OCIBindByName_log_stat(imp_sth, imp_sth->stmhp, &phs->bndhp, imp_sth->errhp,
            (text*)phs->name,
            (sb4)strlen(phs->name),
            phs->progv,
            0,
            (ub2)phs->ftype,
            NULL, /* using &phs->indp triggers ORA-01001 errors! */
            NULL,
            0,
            0,
            NULL,
            OCI_DEFAULT,
            status);

However, as you said the phs->indp is -1 as you said. I will correct my change and make it check indp first.

As you know there is a lot of OCI code in DBD::Oracle and I'm not familiar with it all by a long way so I'm always grateful for any pointers/help.

Martin
hmm, unfortunately, the indp always seems to be -1 (The selected value is null, and the value of the output variable is unchanged) even when an opened cursor is returned as indp is not passed to OCIBindByName because (see above code) it is commented out in the OCIBindByName because it apparently "triggers ORA-01001 errors" but we've no idea why - sigh.
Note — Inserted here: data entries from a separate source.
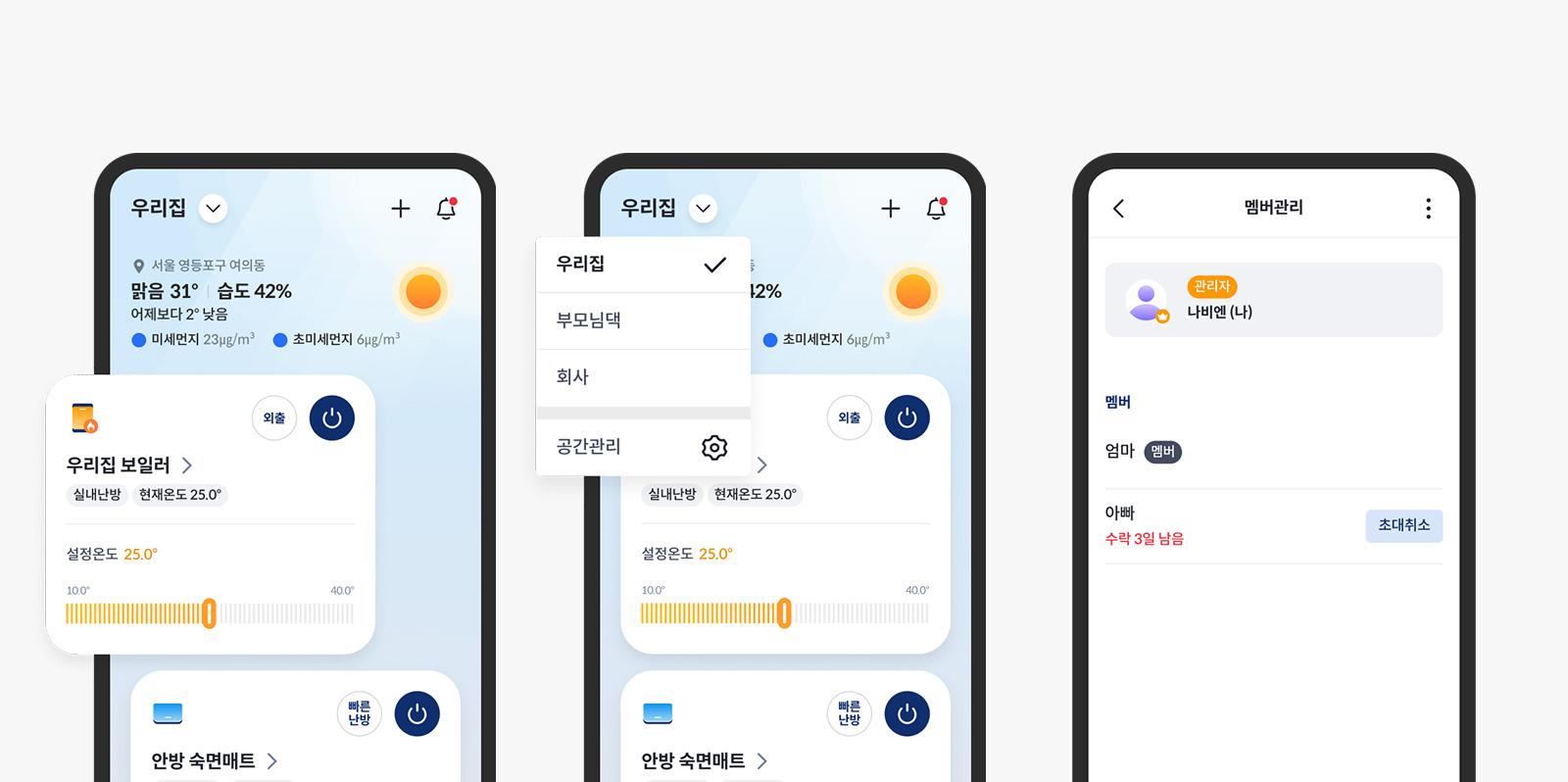 집, 사무실 또는 나만의 공간을 설정해 나비엔 기기를 편리하게 관리할 수 있습니다.
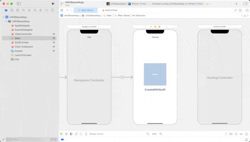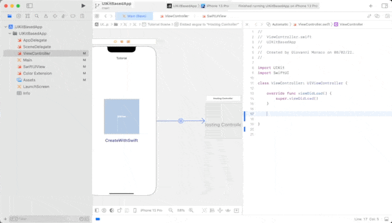 UIHostingControllerwill embed the SwiftUI View we are interested in. In other words, the hosting controller will use the SwiftUI View as a root view
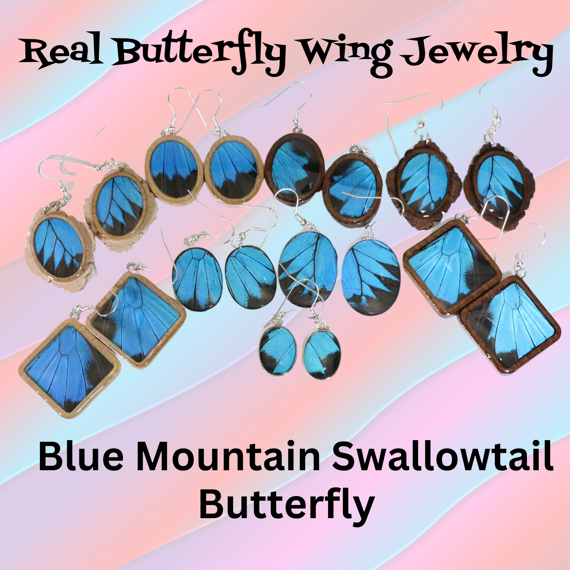 Make a unique statement with Real Butterfly Wing Jewelry from the Blue Mountain Swallowtail collection. Handcrafted with real butterfly wings, this intricate and stunning blue and black pattern creates a look that will turn heads and spark conversations!
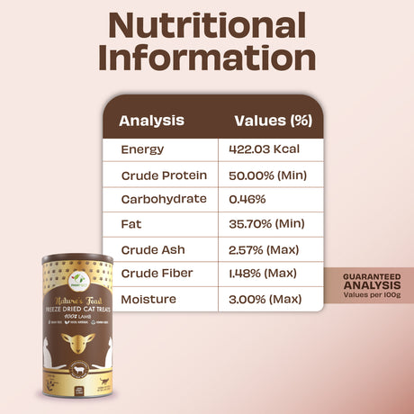 Pawfect Nature's Feast Freeze Dried Cat Treats Lamb Meat 50g

So I assume somewhere else set indp to -1, it certainly wasn't OCIBindByName.

I see loads of code setting indp so I created an indp2 in the phs and passed it to OCIBindByName above and it is always 0 (Oracle assigned an intact value to the host variable) whether a null cursor is returned or not. It also did not seem to trigger ORA-01001 (invalid cursor) errors. Also the test suite works with the indp set in the OCIBindByName. What a PITA. I really wish when people write code like this they comment why better.

So it would seem resurrecting the phs->indp in the OCIBindByName does not currently give me -1. Starting to wish I never started this. My current change is better (in that it at least works whereas the previous code did not at all) but you seem to suggest it is incomplete and that concerns me. However, I've not been able to see what you suggested should happen. I've already proved this speeds our application up a lot compared with having to put a daft select 1 from dual in to just make DBD::Oracle work so it would be a shame to fall at the last hurdle. Any other ideas Charles?

Bear in mind I cannot be getting a value from a previous execute as my test code only does one execute so perhaps when you bind a SYS_REFCURSOR you get a valid stmt handle back even if it is not executed. It seems this must be the case since I can call OCIAtrrGet(OCI_ATTR_STMT_STATE) on it after only one execute and it returns OCI_STMT_STATE_INITIALIZED.

As always, most grateful for you taking the time to follow and comment on this.